The final tallies are just out for the spring and summer Chinook runs on the Columbia. I follow the counts at the Bonneville Dam (the lowest on the Columbia) because they’re a decent shorthand for the strength of salmon populations along the entire Columbia-Snake system, which is the biggest river network on West Coast. In fact, we use these counts for the Cascadia Scorecard’s wildlife indicator.
The numbers for 2007 weren’t great—roughly 145,000 Chinook made it up past the dam—but they weren’t awful either, at least relative to past years.
The chart below shows the spring and summer Chinook count from 1938 to 2007; the red line is this year’s count for comparison.
So this was a pretty typical year. Not as good as the last few years, but certainly better than most of the decade or two before that. But there’s another way of looking at these numbers that’s not quite so rosy.
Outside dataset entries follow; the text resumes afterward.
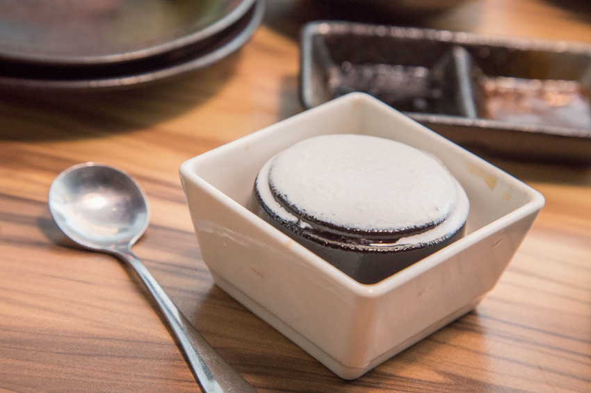 烤干貝時很特別,服務生先將雞湯道入干貝的小皿中再拿去烤,有點像干貝雞湯的概念
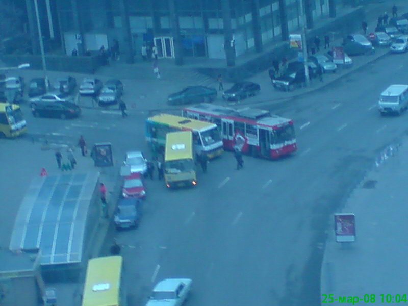 ага! маршрутка маршрутку, а троллейбус стоит с аварийкой, потому как пытаясь объехать эту "кучу малу" у него сорвало рога с проводов, а может и он участвует в ДТП.
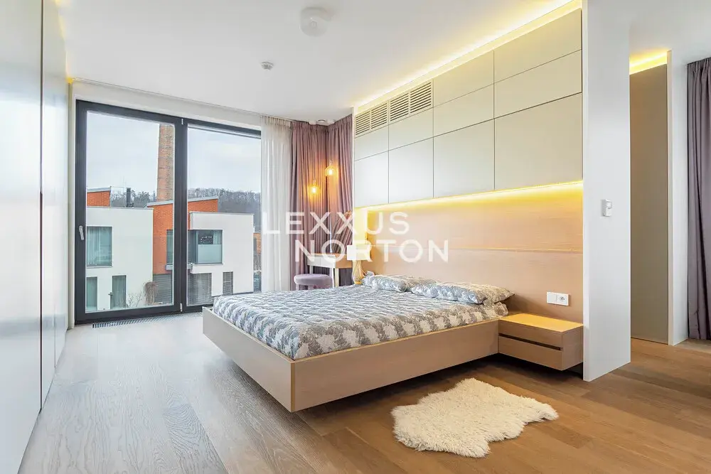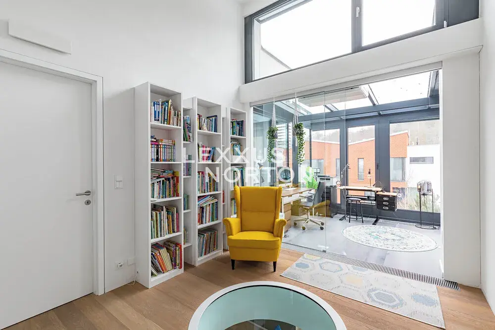 V patře se nachází hlavní ložnice s vlastní šatnou a luxusní koupelnou s vanou i sprchovým koutem, dvě další ložnice, druhá koupelna a klidová hala ideální pro relaxaci. Středem domu prochází kruhový světlík, který přivádí denní světlo až do přízemí. Výjimečným prvkem je zimní zahrada o výměře 9,21 m² vhodná jako pracovna, ateliér nebo soukromý lounge.
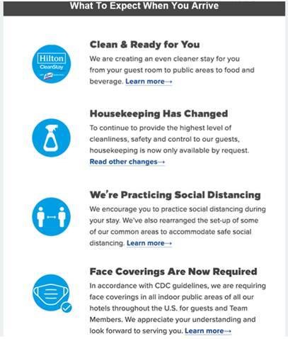 The Hilton has adopted new safety protocols in light of COVID-19. You will receive detailed information, as listed in the image on the right, with your confirmation email. When you arrive at the Hilton you can expect new protocols including but not limited to:

The best estimates say that the spring and summer runs used to bring 2.5 to 3 million Chinook into the Columbia system. And these were all wild fish, stronger cousins to the anemic hatchery salmon that account for the majority of today’s spawners. Compared to their former abundance, the 2007 count is downright depressing.
The chart below shows the spring and summer Chinook count from 1938 to 2007; but this time the red line is the historical abundance for comparison.
I don’t have much to add to the story the chart tells. Just: yikes!